ACTIVITY: A faithful copy of every entry, with the pictures removed, is what is needed here.

Records drawn from a dataset:
· · · · ·
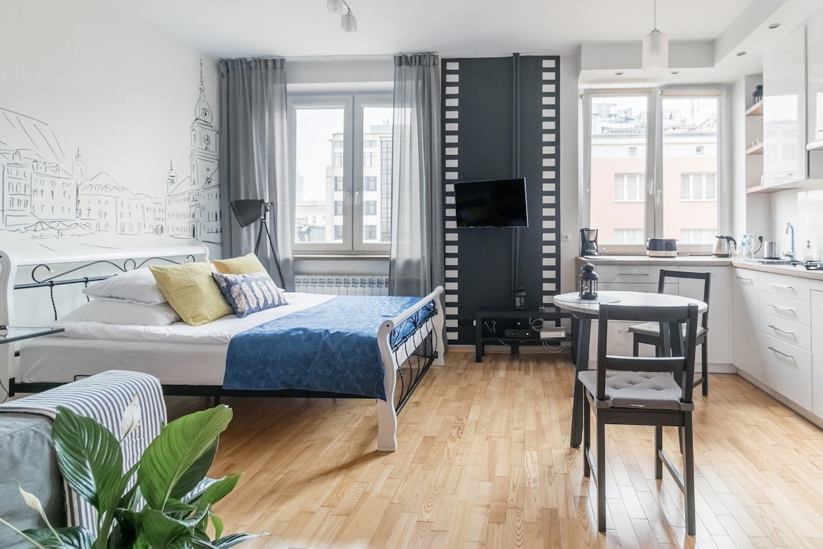 Novouređeni, moderni, centralni i udobni stan za savršenu kombinaciju posla/života i zabave. Stan od 47 m2 ima direktan pogled na Varšavski horizont i sastoji se od: dnevnog boravka s radnom stanicom (uključujući najbrži Wi-Fi), kao i kauča na izvlačenje s funkcijom spavanja, kuhinje s trpezarijskim stolom, spavaće sobe, kupatila s tušem. Stan je funkcionalno namješten i opremljen potrebnim uređajima. Vrlo dobra povezanost javnim prevozom i 15-25 minuta do grada/aerodroma.
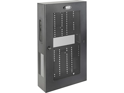 This Tripplite SmartRack heavy-duty steel enclosure secures and houses both regular rack equipment and other equipment not typically mounted in an EIA-standard 19" rack. It is recommended for wiring closets, retail locations, classrooms, back offices and other areas with limited floor space where you need audio/video, voice and data infrastructure to be secure, organized and out of the way. Constructed with a durable black powder-coated finish, the vertical equipment rack has a maximum load capacity of 150 lbs.
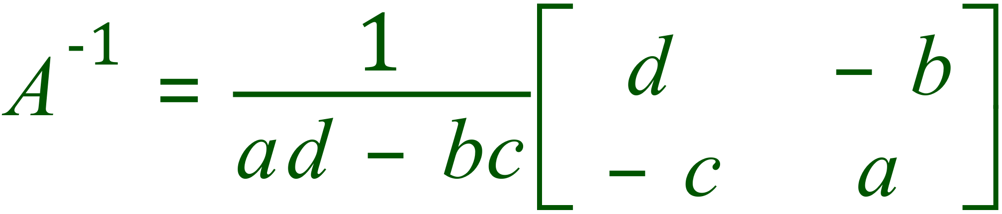 To calculate the inverse of a matrix we use the following formula (note that this discussion will stick to simpler 2×2 matrices, there are ways to calculate the inverse of higher level matrices but this involves mathematics which is way beyond the scope and intention of this section).
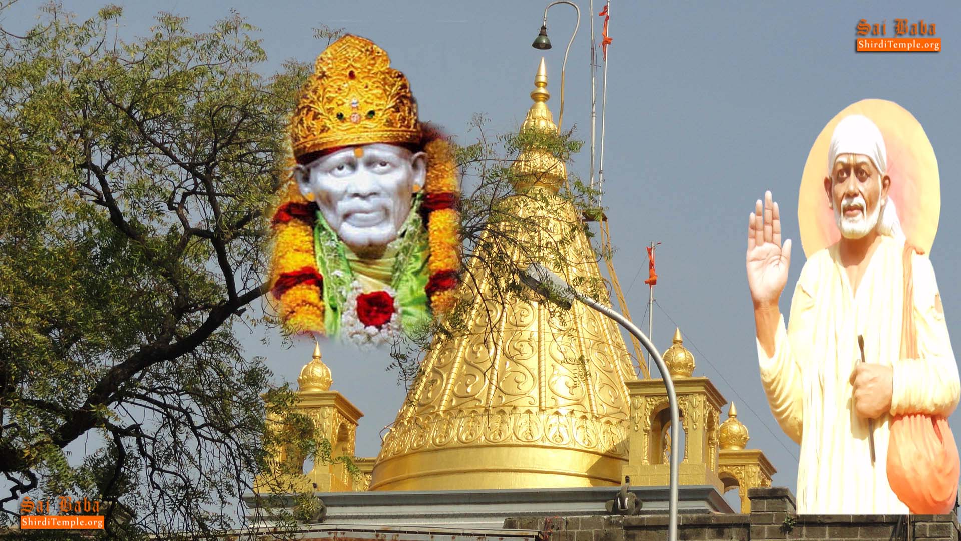 Description: A statue of a man and a statue of a woman in front of a golden building with a tree.
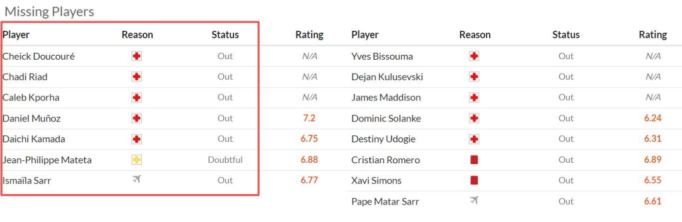 这场比赛,本就缺少前锋萨尔(非洲杯)、中场镰田大地、杜库雷和翼卫穆尼奥斯的他们,周中又伤了前锋恩凯迪亚和后卫理查兹,后者脚部缝了几针,需临场待定。这两年什么比赛都要打的中锋马特塔,近期一直带着膝伤在作战,因为他的位置无人能顶,状态下滑也是必然的,数据不会说谎,虽然他本赛季英超打入7球的效率不差,但最近三线贡献了。
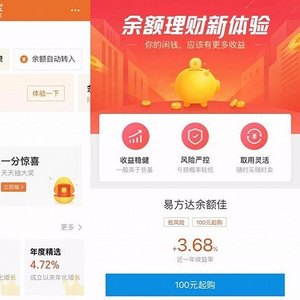 该产品出现在支付宝的“余额宝”页面下方的稳健理财,显示近一年收益率为3.68%。点击进入后显示,该产品全名为“易方达余额佳”,风险等级为“低风险”,100元起购。
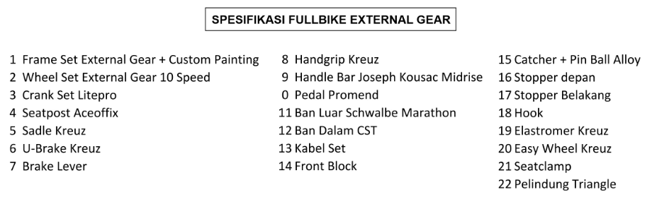 Spesifkasi Full Bike External Gear:
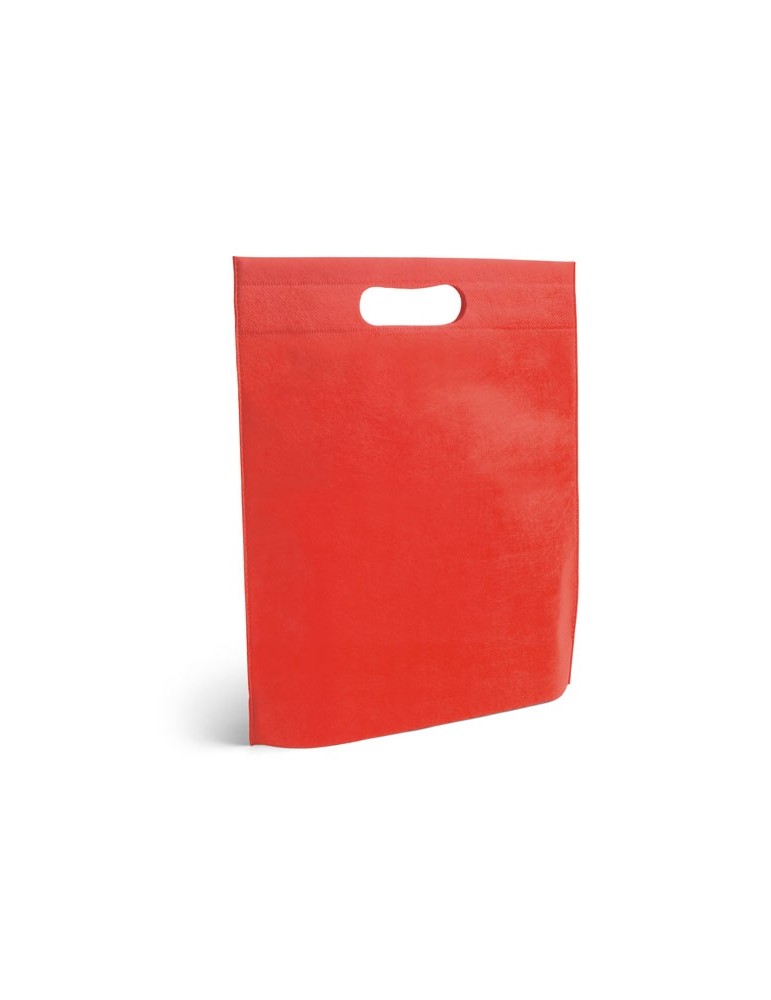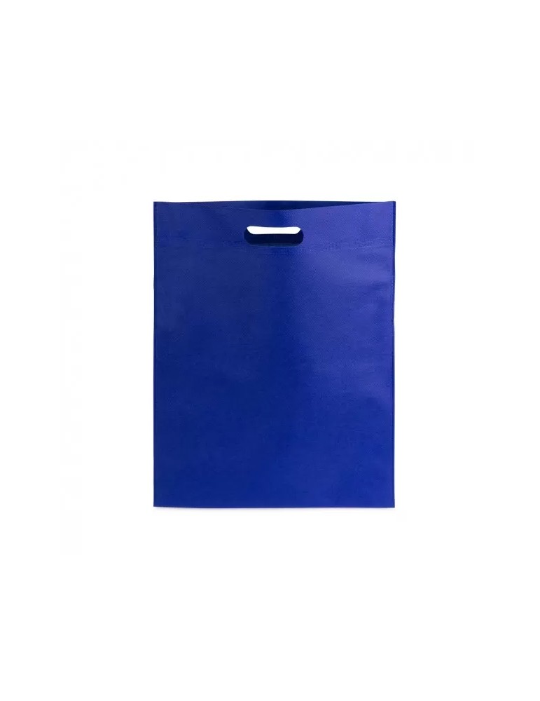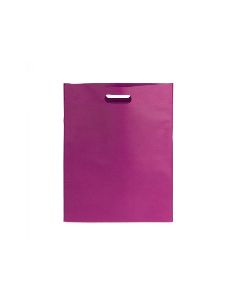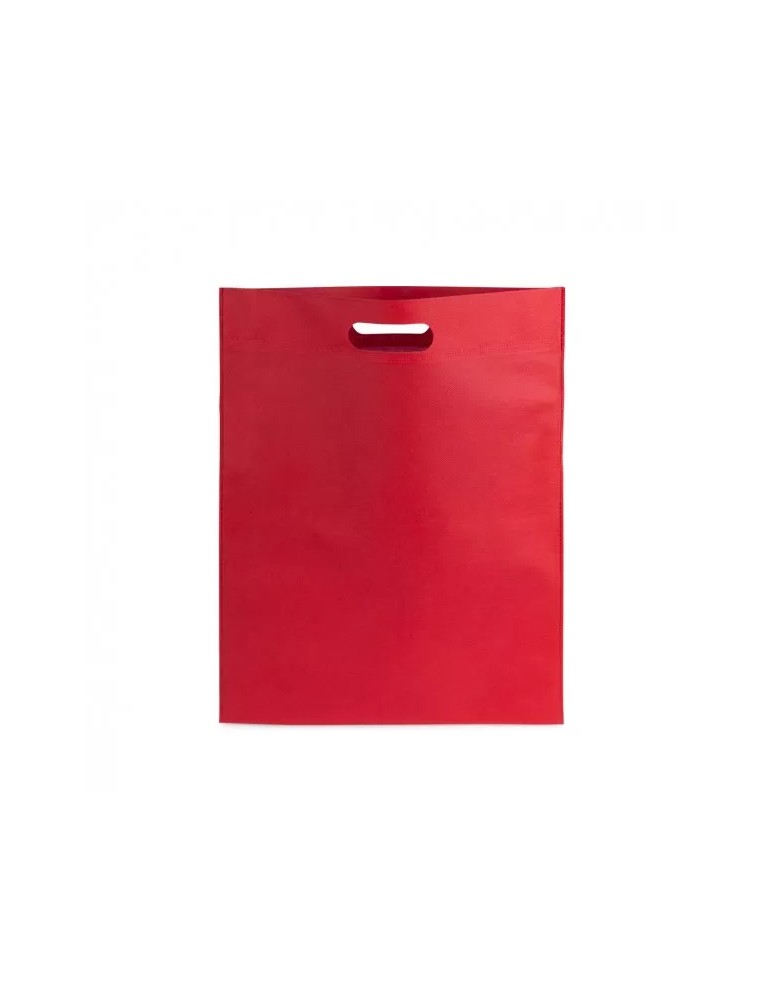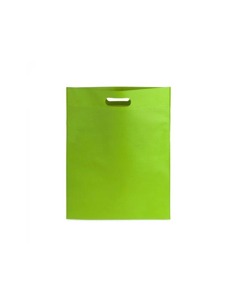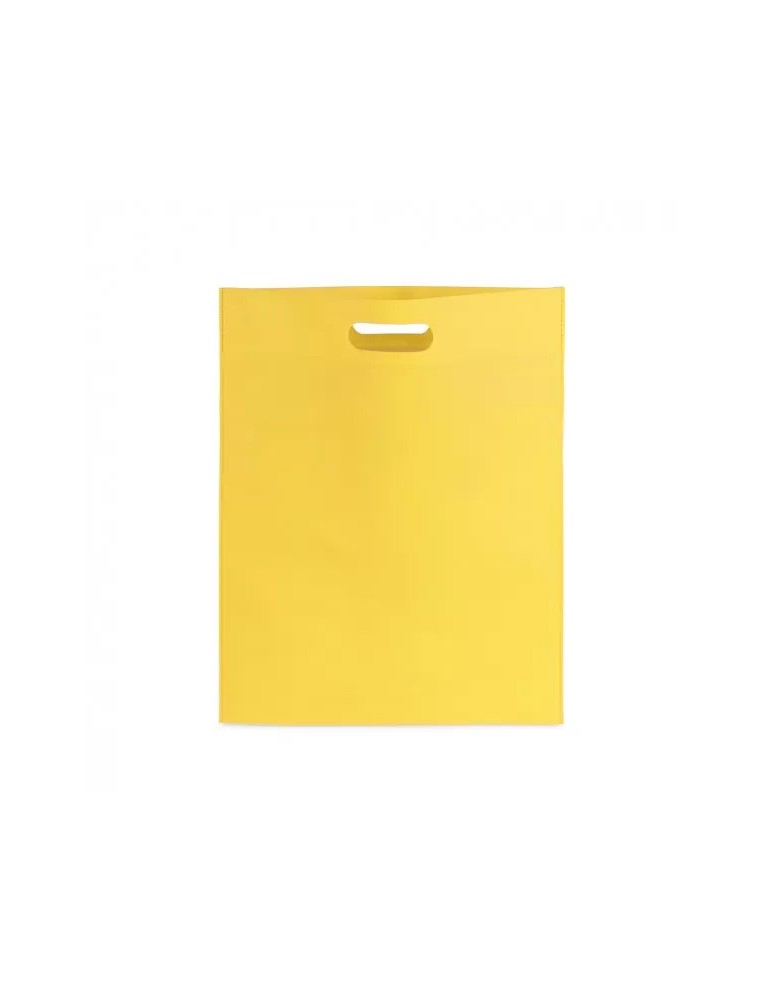 Sac TNT 80 g/m2, avec poignées renforcées découpées, soufflets et finition thermosoudée. Résistance à un poids de 5 kg. Dimensions : 34x43 cm
· · · · ·
TASK SOLUTION:
 Novouređeni, moderni, centralni i udobni stan za savršenu kombinaciju posla/života i zabave. Stan od 47 m2 ima direktan pogled na Varšavski horizont i sastoji se od: dnevnog boravka s radnom stanicom (uključujući najbrži Wi-Fi), kao i kauča na izvlačenje s funkcijom spavanja, kuhinje s trpezarijskim stolom, spavaće sobe, kupatila s tušem. Stan je funkcionalno namješten i opremljen potrebnim uređajima. Vrlo dobra povezanost javnim prevozom i 15-25 minuta do grada/aerodroma.
 This Tripplite SmartRack heavy-duty steel enclosure secures and houses both regular rack equipment and other equipment not typically mounted in an EIA-standard 19" rack. It is recommended for wiring closets, retail locations, classrooms, back offices and other areas with limited floor space where you need audio/video, voice and data infrastructure to be secure, organized and out of the way. Constructed with a durable black powder-coated finish, the vertical equipment rack has a maximum load capacity of 150 lbs.
 To calculate the inverse of a matrix we use the following formula (note that this discussion will stick to simpler 2×2 matrices, there are ways to calculate the inverse of higher level matrices but this involves mathematics which is way beyond the scope and intention of this section).
 Description: A statue of a man and a statue of a woman in front of a golden building with a tree.
 这场比赛,本就缺少前锋萨尔(非洲杯)、中场镰田大地、杜库雷和翼卫穆尼奥斯的他们,周中又伤了前锋恩凯迪亚和后卫理查兹,后者脚部缝了几针,需临场待定。这两年什么比赛都要打的中锋马特塔,近期一直带着膝伤在作战,因为他的位置无人能顶,状态下滑也是必然的,数据不会说谎,虽然他本赛季英超打入7球的效率不差,但最近三线贡献了。
 该产品出现在支付宝的“余额宝”页面下方的稳健理财,显示近一年收益率为3.68%。点击进入后显示,该产品全名为“易方达余额佳”,风险等级为“低风险”,100元起购。
 Spesifkasi Full Bike External Gear:
 Sac TNT 80 g/m2, avec poignées renforcées découpées, soufflets et finition thermosoudée. Résistance à un poids de 5 kg. Dimensions : 34x43 cm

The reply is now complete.